Figure EV3. Deletion of de novo DNA methyltransferases does not influence long‐term maintenance of adult hippocampal NSPCs in vivo .

1. Validation of genomic deletion of Dnmt3a (3A) and Dnmt3b (3B) in Gfp‐positive cells by polymerase chain reaction. Arrows indicate expected sizes for wildtype Dnmt3a and Dnmt3b amplicons.
2. No difference in the percentage of NSPCs and astrocytes among Gfp‐positive cells was detected between WT (red; n = 3 mice) and KO mice (violet; n = 4 mice). Corresponding experimental scheme is depicted in Fig 4E. Depicted are data points for every animal with genotype means ± SEM.
3. Representative fluorescent image for detection of NSPCs and astrocytes. Depicted astrocyte is Gfp‐negative. Scale bar: 50 µm.

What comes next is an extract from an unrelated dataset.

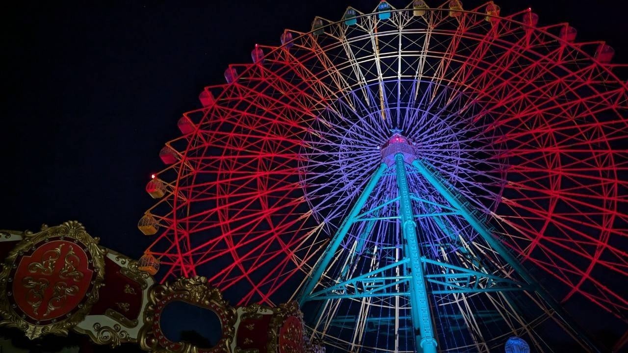 群馬県伊勢崎市のAuto Mirai 華蔵寺遊園地にて、大観覧車がペルー国旗の赤・白・赤にライトアップされました。

4. Experimental outline for results presented in E‐G and in Fig  5D and E.
5. No difference was found in the total numbers of NSPCs in the subgranular zone (SGZ) between WT and KO mice 3 months after tamoxifen administration (n = 13 mice, WT; n = 15 mice, KO). Depicted are data points for every animal with genotype means ± SEM (P‐value from unpaired t‐test).
6. Representative fluorescent image for analysis of Sox2‐positive NSPCs. Scale bar: 100 µm.
7. No difference in the total numbers of proliferating cells in the SGZ between WT and KO mice 3 months after recombination (n = 7 mice per genotype). Depicted are data points for every animal with genotype means ± SEM (P‐value from unpaired t‐test).